Opinion
December 2, 1991
Appeal from the Supreme Court, Queens County (Giaccio, J.).
Ordered that the judgment is reversed, on the law, and a new trial is ordered. No questions of fact have been raised or considered.
The defendant was charged with criminal sale of a controlled substance in the third degree in connection with his alleged sale of two vials of cocaine to an undercover police officer in St. Albans, Queens. At trial, before the undercover officer was called to the stand, the prosecutor requested that the courtroom be closed to the public in view of the officer's "active" status. The trial court granted the motion over the defendant's objection, and excluded the general public as well as members of the defendant's family from the courtroom.
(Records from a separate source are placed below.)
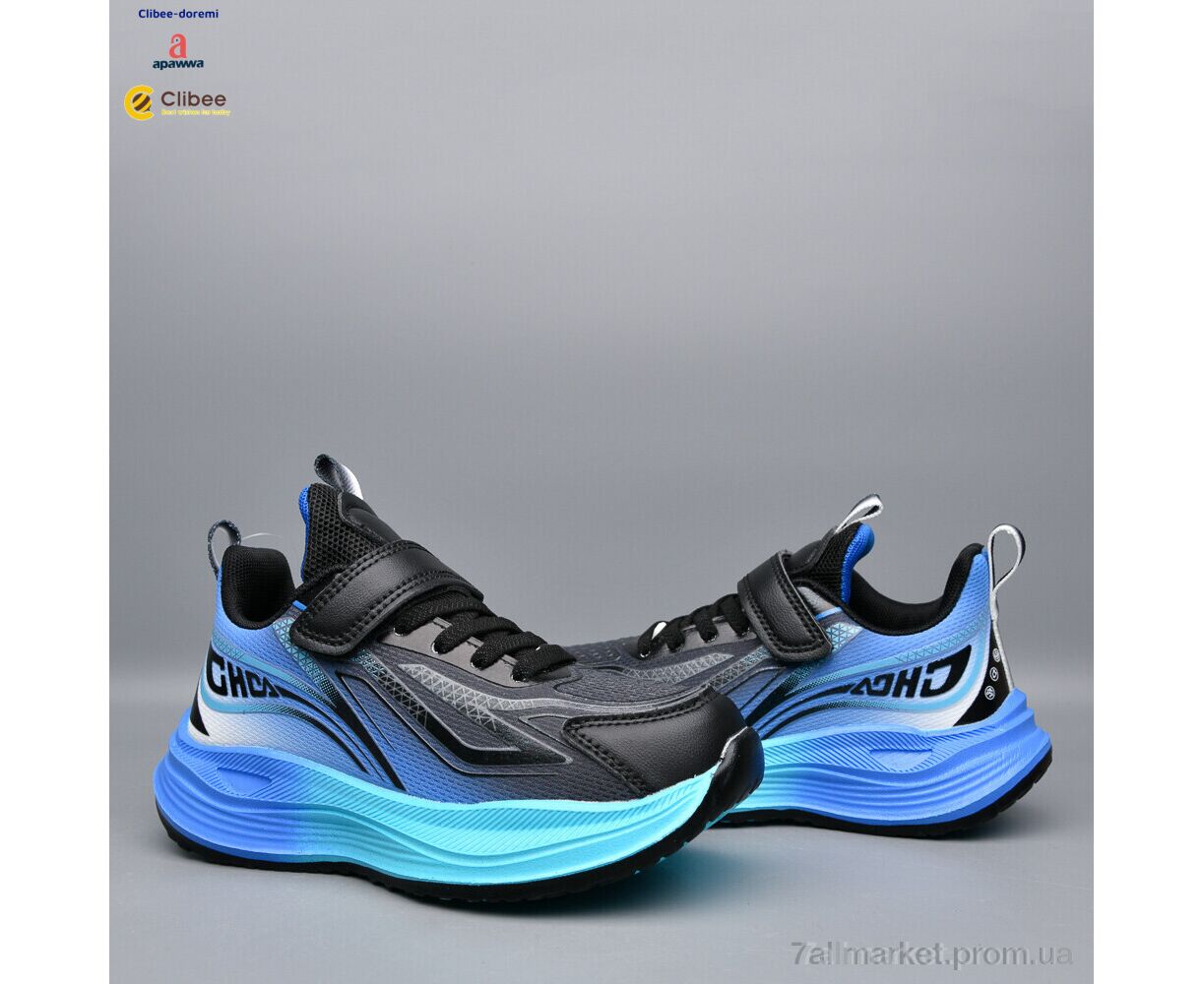 Кроссовки детские модные Весна/осень LC191-2 black-royal (6 пар р.32-37) "Clibee-Doremi" недорого оптом от прямого поставщика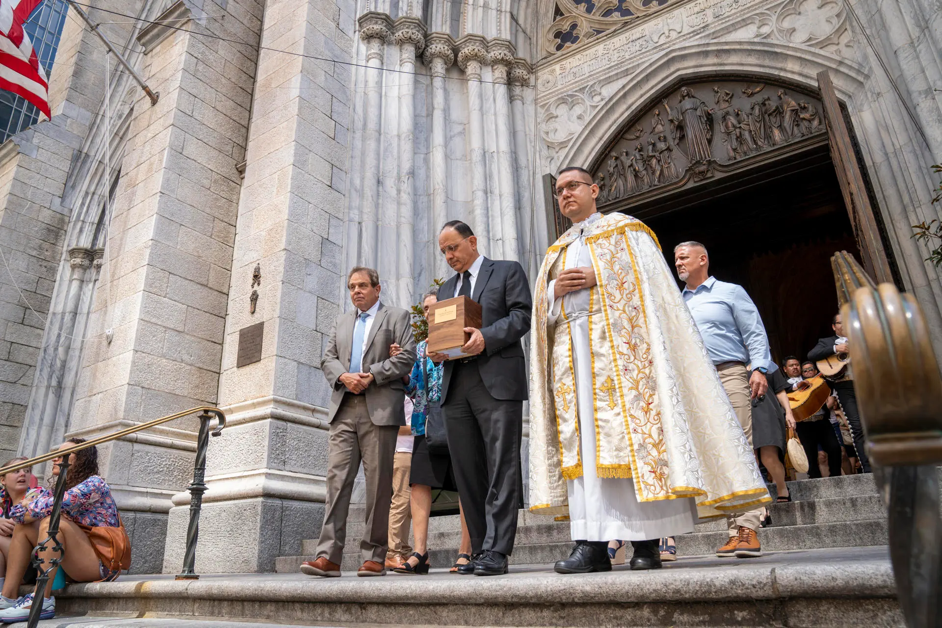 En una íntima ceremonia cargada de simbolismo, el sacerdote Alejandro Sánchez, junto con el cónsul Jorge Islas y familiares de Krause, ingresaron a la imponente iglesia de San Patricio con las cenizas de la difunta. La ceremonia estuvo acompañada de una emotiva ópera en directo y se llevó a cabo en el espacio acotado de la vasta catedral, mientras los turistas observaban con curiosidad.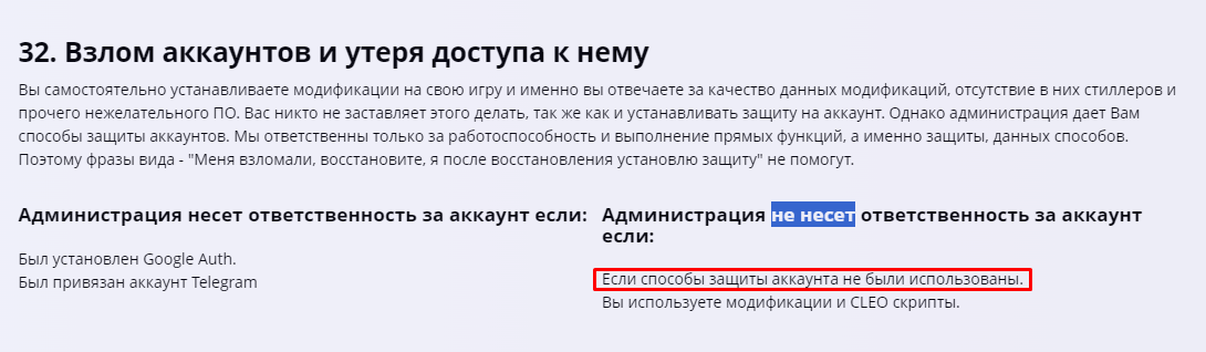 После пишет: " Очень странная ситуация по итогу получается, но согласно 32му пункту правил, ответственности за утерю аккаунта без установленной защиты мы не несем. В день сбоя можно было просто дождаться исправления всех неполадок, без отвязки телеграм-привязки, будет уроком. Разбанивать аккаунты я не буду, тебе могу лишь посоветовать сменить в таком случае сборку и играть на чистой, вероятнее всего ты сидишь на стиллере "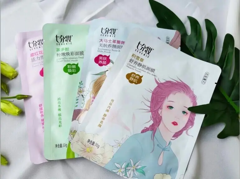 不同功效的面膜上面不仅有说明主要的成分,还画了一个特别赏心悦目的小姐姐。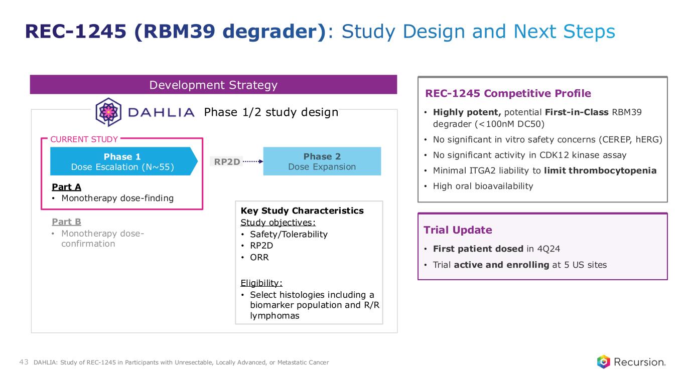 Key Preclinical Data1 REC-1245 is highly selective and potent1 Assay DC Criteria REC-1245 RBM39 Degradation DC50 <100 nM CDK12 Kinase No sig. activity CEREP Safety Panel No sig. activity hERG IC50 (µM) >30 Oral Bioavailability (%F) >30 REC-1245 has compelling efficacy and PK/PD in preclinical models 42 1. Data on File. 2. N=8 mice per group in TV portion. REC-1245 administered BID PO. 3. PD evaluated after 5 days BID oral of REC-1245 at doses noted ; N=3 mice per group in PD portion Meets or exceeds criteria Minor deviation Major deviation • REC-1245 shows significant monotherapy regressions • Dose-dependent antitumor activity correlates with PD CDX Model: OVK182 PD: Target Engagement3 REC-1245 (RBM39 degrader): Robust efficacy/PK/PD in biomarker-positive disease relevant preclinical tumor models – Phase 1 initiated in 4Q24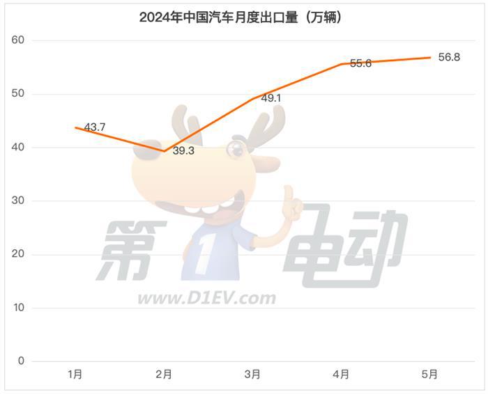 根据乘联会数据,2024年5月中国汽车出口量达到56.8万台,同比增长29%、环比增长2%。1-5月中国汽车出口量达到245万台,同比增长26%。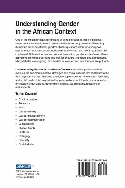 One of the most significant dimensions of gender studies is that it is political. It raises questions about power in society and how and why power is differentially distributed between different genders. It asks questions about who has power over whom, in which situations, how power is exercised, and how it is, and can be, challenged. Different theories and perspectives within gender studies have different approaches to these questions and look for answers in different social processes. Many debates are on-going, as new data is revealed and new theories are put forth. Understanding Gender in the African Context is a scholarly reference that explores the complexities of the ideologies and social patterns that contribute to the field of gender studies. Featuring a range of topics such as human rights, feminism, and social media, this book is ideal for policymakers, sociologists, social scientists, civil society organizations, government officials, academicians, researchers, and students.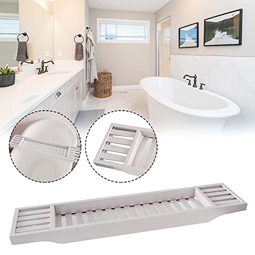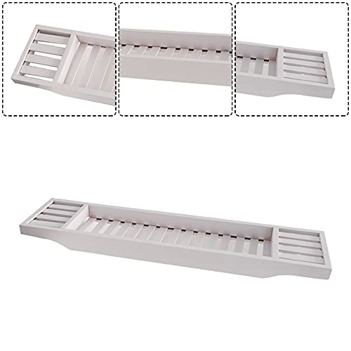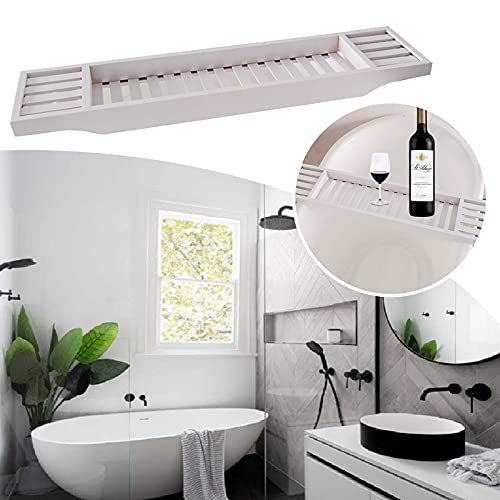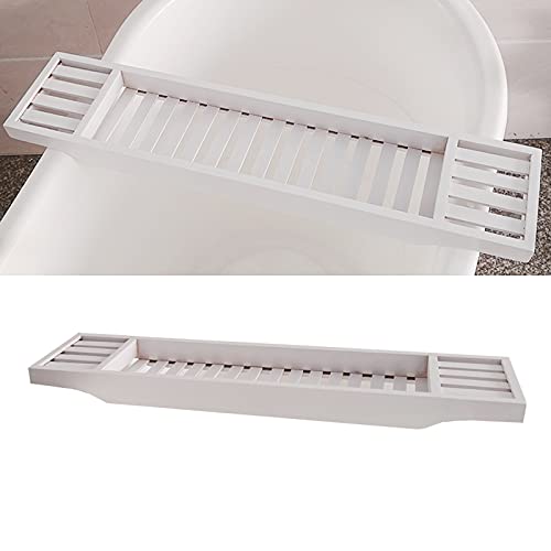 Soekodu - رف حمام خشبي من البامبو ملحقات حمام مناسب للاستخدام صينية حمام خشبية لتنظيم الحمام وترابيزة حمام للقراءة وصينية حمام لزجاجات العصير (أبيض)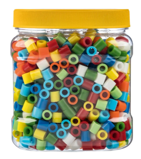 - 500 g dużych koralików w 8 żywych kolorach o średnicy 1 cm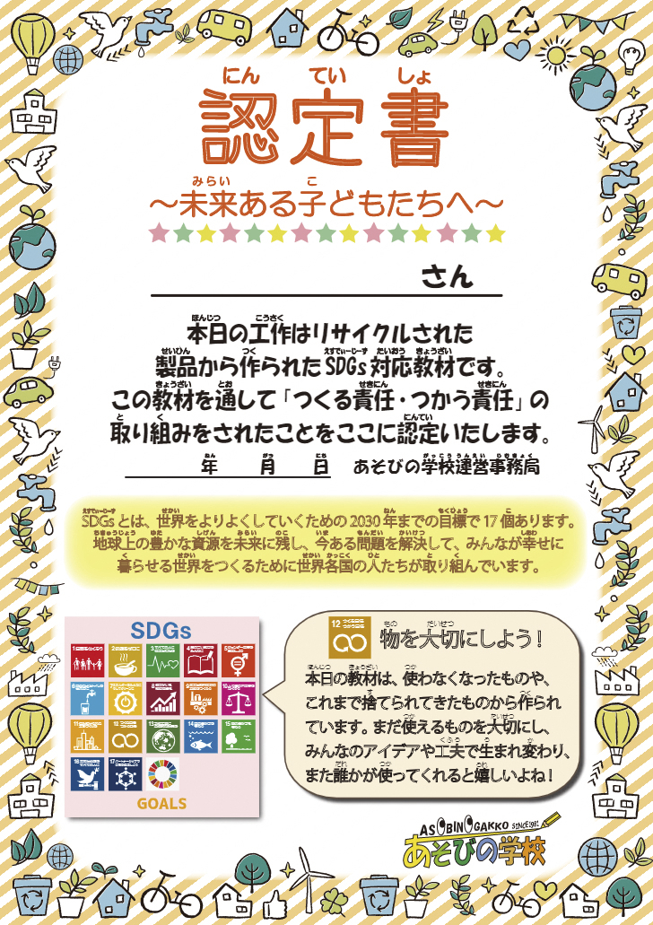 パーツは資源を再利用して作られており完成後にSDGs認定書もプレゼント!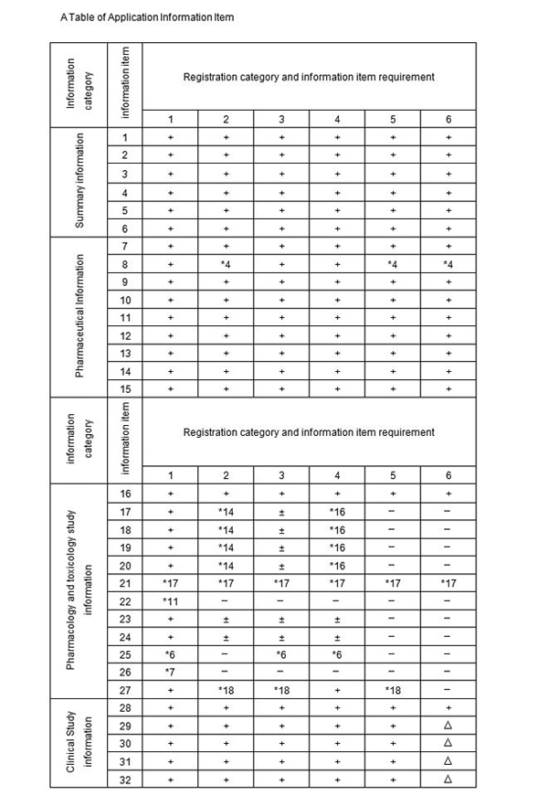 3. Information item 2-8, 12 and 15-18 should be usually submitted for application of generic drugs(except for TCM or natural drug injection where clinical trail is needed).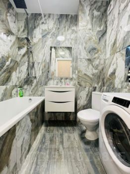 Ванная комната располагает ванной, что является отличным преимуществом и удобством. В ванной есть стиральная машина с функцией сушки белья, есть фен.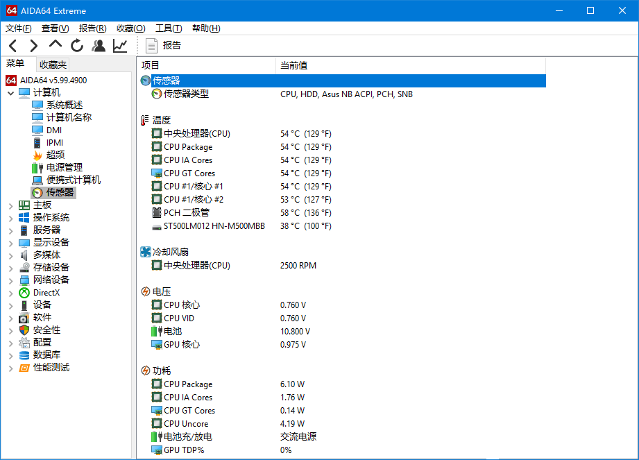 提示“正在收集传感器信息”,等待一会儿,即可查看本机CPU和主板等温度数据,如图,

On appeal, the defendant contends that the trial court's "pro forma" closure of the courtroom during the undercover officer's testimony constituted reversible error. We agree. It is settled law that "no closing can be tolerated that is not preceded by an inquiry careful enough to assure * * * that the defendant's right to a public trial is not being sacrificed for less than compelling reasons" (People v Jones, 47 N.Y.2d 409, 414-415, cert denied 444 U.S. 946; see also, People v Clemons, 78 N.Y.2d 48, 53). At bar, however, the record reveals that the Trial Judge summarily closed the courtroom without conducting any inquiry to ascertain whether closure was indeed necessary to protect the undercover officer's safety. Under these circumstances, we conclude that the defendant's Sixth Amendment right to a public trial was violated (see, People v Clemons, supra; People v Kin Kan, 78 N.Y.2d 54; People v Romain, 137 A.D.2d 848; People v Cousart, 74 A.D.2d 877).
In view of the foregoing, we need not reach the defendant's remaining contentions. Bracken, J.P., Harwood, Eiber and O'Brien, JJ., concur.